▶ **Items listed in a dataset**
━━━━━━━━━━━━━━━━━━━━
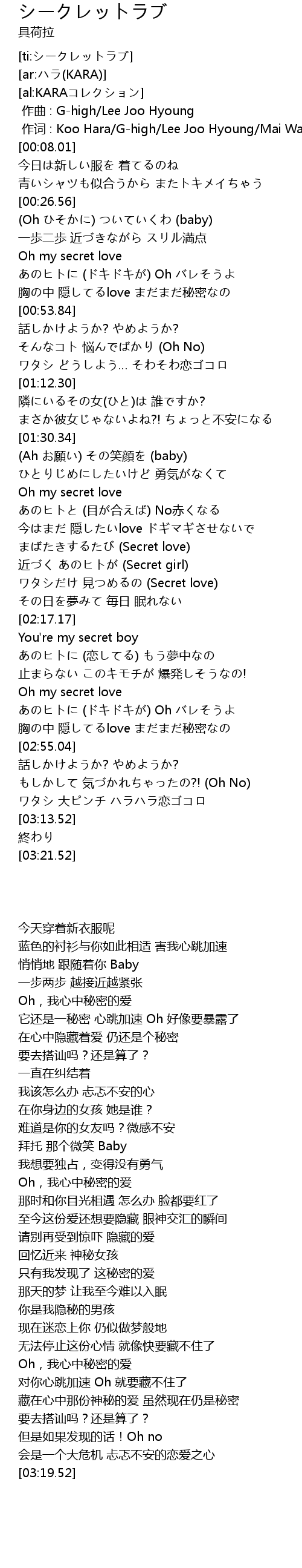 | [00:01.00] | 作词 : Koo Hara/G-high/Lee Joo Hyoung/Mai Watarai |
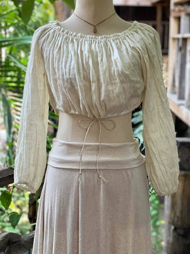 asana 麻100% ふわふわ ショート ブラウス・きなり
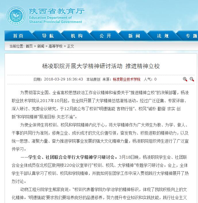为使全体师生将校训、校风和学院精神内化于心,将大学精神作为广大师生为教、为学、做人、干事的共同行为准则,修身立业、成长成才的文化价值引领,奋发有为、积极进取的精神动力,以及统一思想、凝聚力量、奋力推进学院事业发展的强大文化精神力量,杨凌职院组织师生进行了广泛宣传学习。
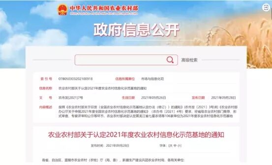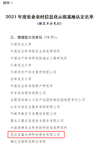 近日,農業農村部公布2021年度農業農村信息化示范基地名單,武漢回盛生物科技股份有限公司入選。
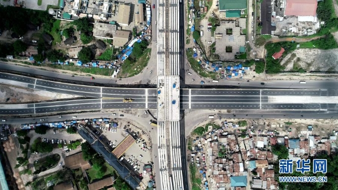 這是5月2日在坦桑尼亞達累斯薩拉姆拍攝的建設中的烏本戈立交橋項目。烏本戈立交橋是坦桑尼亞政府主導的第一個立交橋項目,主要由一座三層立交橋和配套分流道路構成,由中國土木工程集團東非有限公司承建。新華社發(fā)
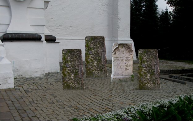 Реконструкция ситуации: во 2–м ряду три памятника. 1 - й, Д. М. Скуратова. 2 - й, (светлый) или средний - Прокофия Петровича Ляпунова. 3 - й, за П. П Ляпуновым - Ивана Ржевского. Расположение мест захоронения в точности соответствует таким же, как на левой части паперти. В настоящий момент никаких памятных знаков на могилах нет, одна брусчатка, по которой ходят все кто посещает лавру. Топчут не только место захоронения, затаптывают историю России.
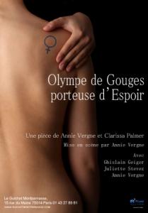 qui les interprète toujours avec spontanéité et générosité. Ghislain, c'est l'élégance même du comédien dans le théâtre de création.La mise en scène d'Annie Vergnes sensibilise la perception d'un personnage trop méconnue de l'histoire de France, Olympe de Gouges. La transposition de deux tableaux confrontant une parenthèse de l'histoire de France à la société actuelle est un concept intelligent et servi avec la rigueur documentaire et textuelle d'une pièce écrite pour faire connaître une Olympe humaniste, une lueur intellectuelle scintillant à l'ombre des "grands hommes". La réalisation de cette pièce se veut motivée et inspirée, libre et citoyenne. Olympe de Gouges Porteuse d'espoir, une magnifique création à découvrir au Guichet Montparnasse.
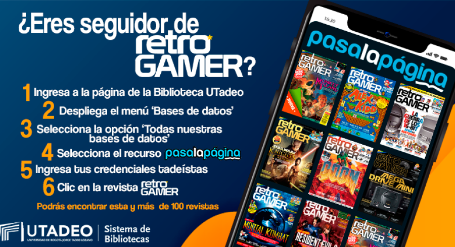 1. Ingresa a la página de la Biblioteca UTadeo. 2. Despliega el menú 'Bases de datos'. 3. Selecciona la opción 'Todas nuestras bases de datos'. 4. Selecciona el recurso 'PasaLaPágina'. 5. Ingresa tus credenciales tadeístas. 6. Clic en la revista 'Retro Gamer'.
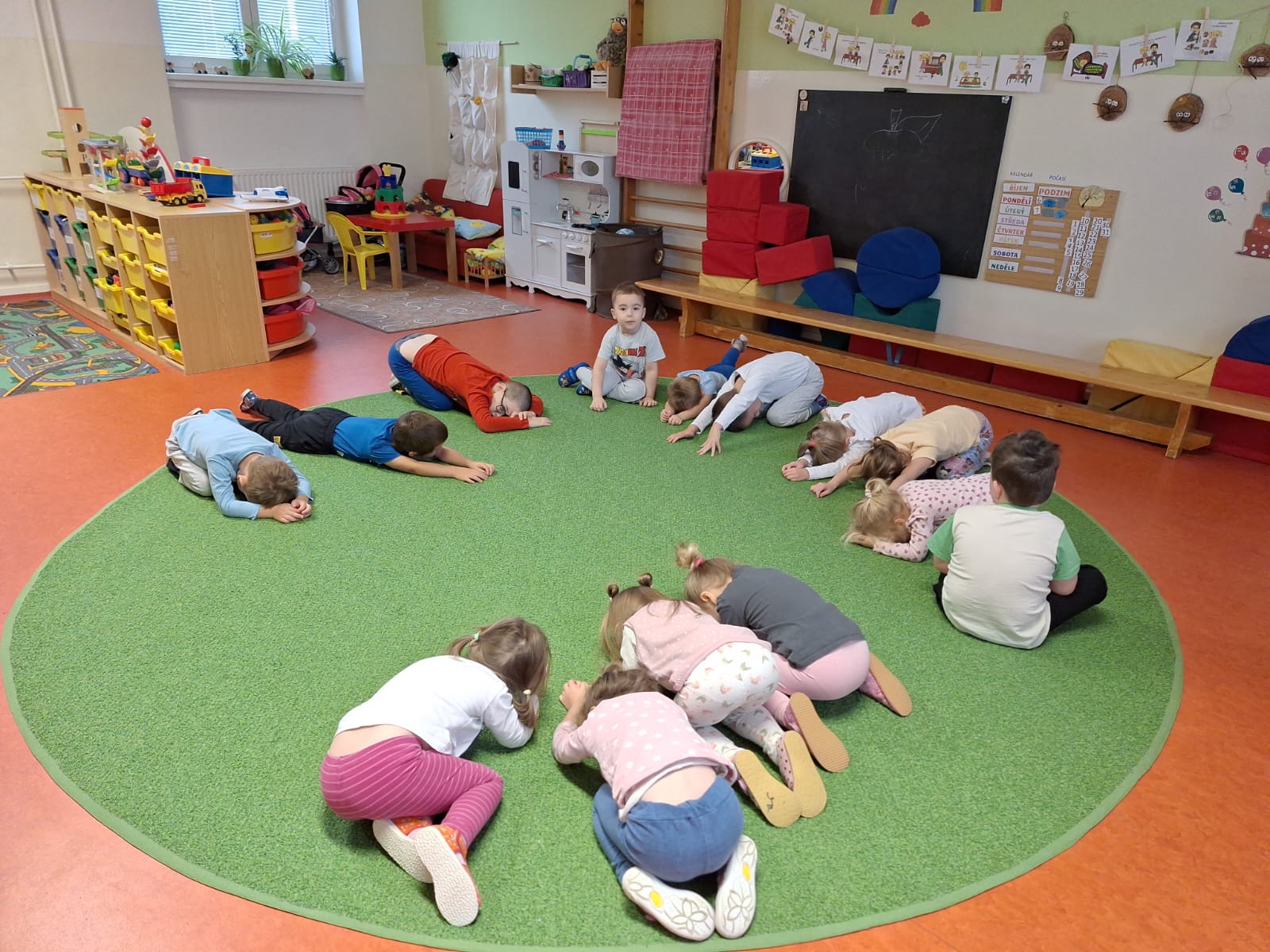Zahráli jsme si pohádku O řepě, naučili se o ní písničku a ještě jednu písničku Zelenou. Tančili jsme na písničku Dýně Olívie.
━━━━━━━━━━━━━━━━━━━━
▶ **What is expected**
The required output is each record above, reproduced exactly, without its pictures.

▶ **Solution to the problem**
 | [00:01.00] | 作词 : Koo Hara/G-high/Lee Joo Hyoung/Mai Watarai |
 asana 麻100% ふわふわ ショート ブラウス・きなり
为使全体师生将校训、校风和学院精神内化于心,将大学精神作为广大师生为教、为学、做人、干事的共同行为准则,修身立业、成长成才的文化价值引领,奋发有为、积极进取的精神动力,以及统一思想、凝聚力量、奋力推进学院事业发展的强大文化精神力量,杨凌职院组织师生进行了广泛宣传学习。
 近日,農業農村部公布2021年度農業農村信息化示范基地名單,武漢回盛生物科技股份有限公司入選。
 這是5月2日在坦桑尼亞達累斯薩拉姆拍攝的建設中的烏本戈立交橋項目。烏本戈立交橋是坦桑尼亞政府主導的第一個立交橋項目,主要由一座三層立交橋和配套分流道路構成,由中國土木工程集團東非有限公司承建。新華社發(fā)
 Реконструкция ситуации: во 2–м ряду три памятника. 1 - й, Д. М. Скуратова. 2 - й, (светлый) или средний - Прокофия Петровича Ляпунова. 3 - й, за П. П Ляпуновым - Ивана Ржевского. Расположение мест захоронения в точности соответствует таким же, как на левой части паперти. В настоящий момент никаких памятных знаков на могилах нет, одна брусчатка, по которой ходят все кто посещает лавру. Топчут не только место захоронения, затаптывают историю России.
 qui les interprète toujours avec spontanéité et générosité. Ghislain, c'est l'élégance même du comédien dans le théâtre de création.La mise en scène d'Annie Vergnes sensibilise la perception d'un personnage trop méconnue de l'histoire de France, Olympe de Gouges. La transposition de deux tableaux confrontant une parenthèse de l'histoire de France à la société actuelle est un concept intelligent et servi avec la rigueur documentaire et textuelle d'une pièce écrite pour faire connaître une Olympe humaniste, une lueur intellectuelle scintillant à l'ombre des "grands hommes". La réalisation de cette pièce se veut motivée et inspirée, libre et citoyenne. Olympe de Gouges Porteuse d'espoir, une magnifique création à découvrir au Guichet Montparnasse.
 1. Ingresa a la página de la Biblioteca UTadeo. 2. Despliega el menú 'Bases de datos'. 3. Selecciona la opción 'Todas nuestras bases de datos'. 4. Selecciona el recurso 'PasaLaPágina'. 5. Ingresa tus credenciales tadeístas. 6. Clic en la revista 'Retro Gamer'.
Zahráli jsme si pohádku O řepě, naučili se o ní písničku a ještě jednu písničku Zelenou. Tančili jsme na písničku Dýně Olívie.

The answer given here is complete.